Hombre's eyes were instantly normal again--even bored. The two dwarf clowns were waddling past the lions' cages, on their way to the outdoor showers. They wore towels around their waists and their sandals were flapping. The lion looked at them with an utter lack of interest.
"!Hola, Hombre!" Beer Belly called.
"!Hola, Lupe! !Hola, Lupe's brother!" Paco said; the cross-dresser's breasts were so small (almost nonexistent) that Paco didn't bother to cover them when she walked to and from the outdoor showers, and her beard was at its most stubbly in the mornings. (Whatever Paco was taking for hormones, she wasn't getting her estrogens from the same source Flor got hers; Flor got her estrogens from Dr.
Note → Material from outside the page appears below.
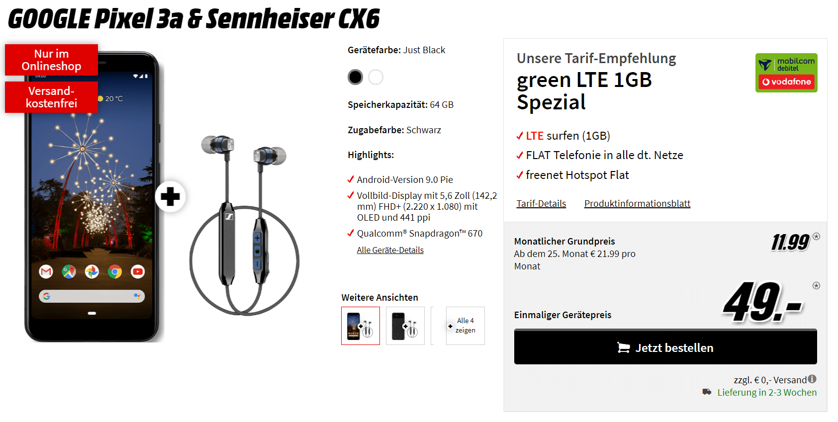 Als Hardware gibt es ein Google Pixel 3a, das aktuell laut Idealo 399 Euro kostet. Zusätzlich gibt es einen Sennheiser CX6 Kopfhörer, der bei 75,90 Euro liegt.

Vargas.)
But, as Flor had said, Paco was a clown; it wasn't Paco's aim in life to make herself passable as a woman. Paco was a gay dwarf who, in real life, spent most of her time as a man.
It was as a he that Paco went to La China, the gay bar on Bustamante. And when Paco went to La Coronita, where the transvestites liked to dress up, Paco also went as a he--Paco was just another guy among the gay clientele.
Flor said that Paco picked up a lot of first-timers, those men who were having their first experiences at being with another man. (Maybe the first-timers looked at a gay dwarf as a cautious way to start?)
But when Paco was with her circus family at La Maravilla, the dwarf clown felt safe to be a she. She could be comfortable as a cross-dresser around Beer Belly. In the clown acts, they always acted as if they were a couple, but in real life Beer Belly was straight. He was married, and his wife wasn't a dwarf.
Beer Belly's wife was afraid of getting pregnant; she didn't want to have a dwarf for a child. She made Beer Belly wear two condoms. Everyone in La Maravilla had heard Beer Belly's stories about the perils of wearing an extra condom.